Sur le crâne, une grosse tresse est ramenée en avant – comme sur l’Eros – ; un ruban figure un foudre. Ce type de ruban est plutôt un symbole funéraire, que l’on trouve toutefois également ; sur les enfants mis sous la protection de divinités égyptiennes. Le foudre gravé sur le ruban est l’attribut traditionnel de Zeus. Or seuls les rois représentés sur leurs monnaies et sur leurs armes montrent le foudre : le dieu du ciel les protège car ils sont les successeurs d’Alexandre, qui se présentait comme le fils de Zeus.
© Pierre Arnaud
© Pierre Arnaud
Ce visage rond, ce sourire typique et ces grands yeux cernés de khôl – tel les pharaons d’Egypte – tous ces éléments sont caractéristiques de l’époque hellénistique : le manteau royal, le foudre, les boucles d’oreilles, le bracelet. Cette statue représente l’un des fils de Cléopâtre VII : sans doute Césarion dont le père était Jules César.
Il a donc la double culture : il est romain par son père et égyptien d’origine grecque par sa mère.
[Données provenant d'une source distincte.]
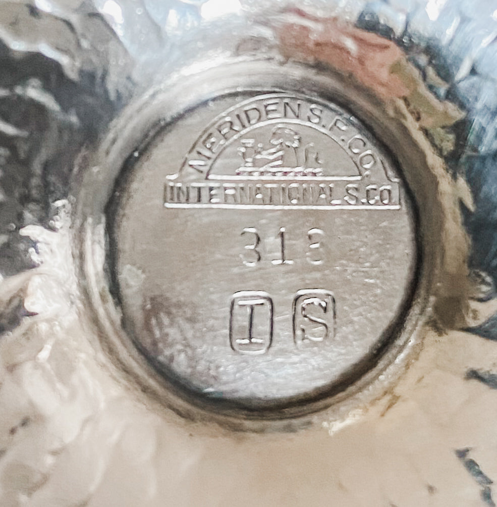 Fabulous 1910's-1920's hammered silverplate cocktail set by Meriden, crafted under the International Silver Company in the golden age of American entertaining. Around 1915-1925, Meriden created bar sets with the hammered finish done by hand in the old workshops before mass production changed the look of American silver. It is very uncommon to have a set that has stayed together this long!
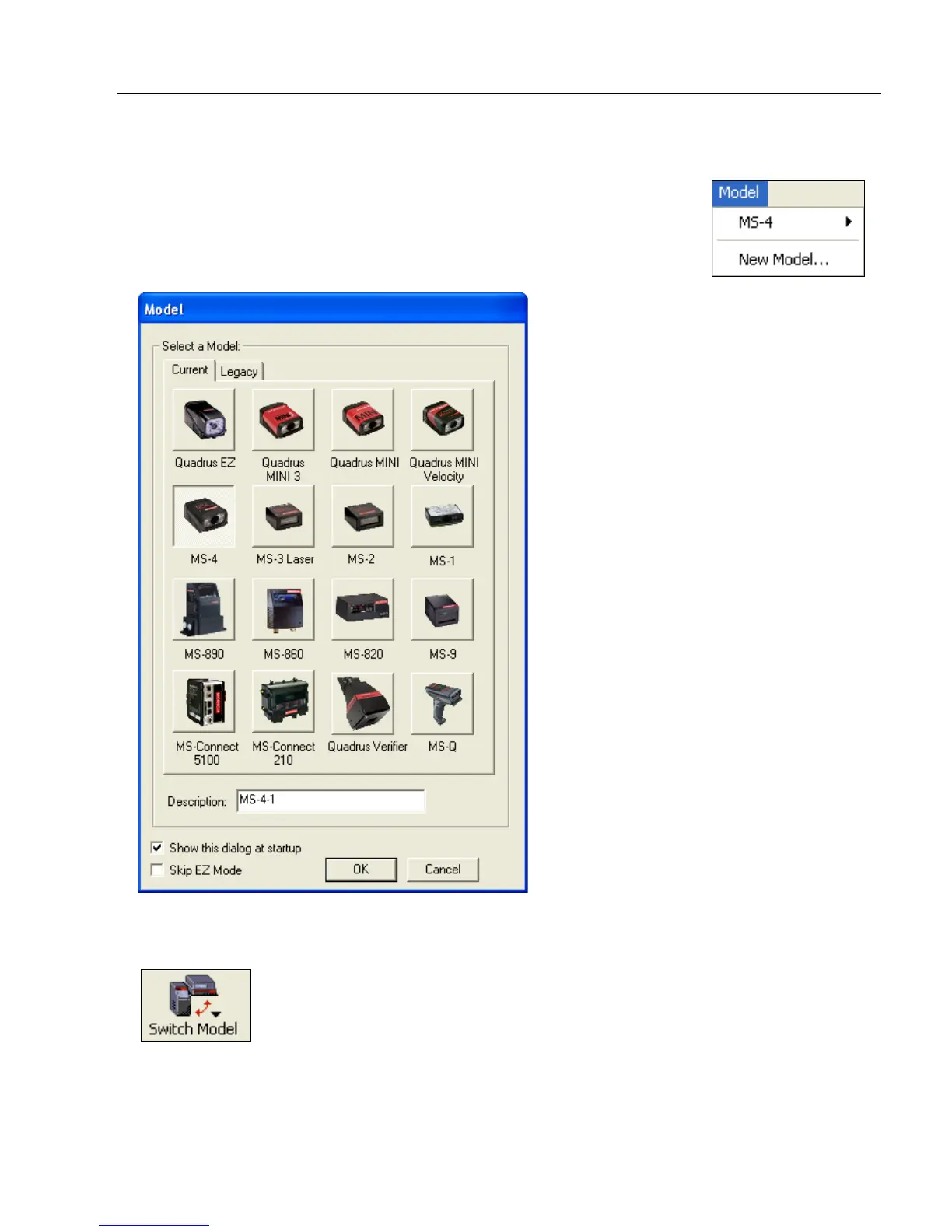 menu and that the same menu is repeated when clicking the Switch Model icon.

Césarion avait une titulature royale, en tant que futur souverain sous le nom de Ptolémée XV. Mais il ne montera jamais sur le trône, car après la bataille d’Actium et la mort de Cléopâtre et de Marc Antoine, il sera exécuté par son cousin Octave. Ce dernier, désireux de n’avoir aucun rival à moyen et à long terme, s’assure ainsi le contrôle de l’Egypte. Césarion avait alors 18 ans.
Cette statue a sans doute été revendue pour décorer une villa de l’Empire, des décennies après la disparition de tous ces protagonistes.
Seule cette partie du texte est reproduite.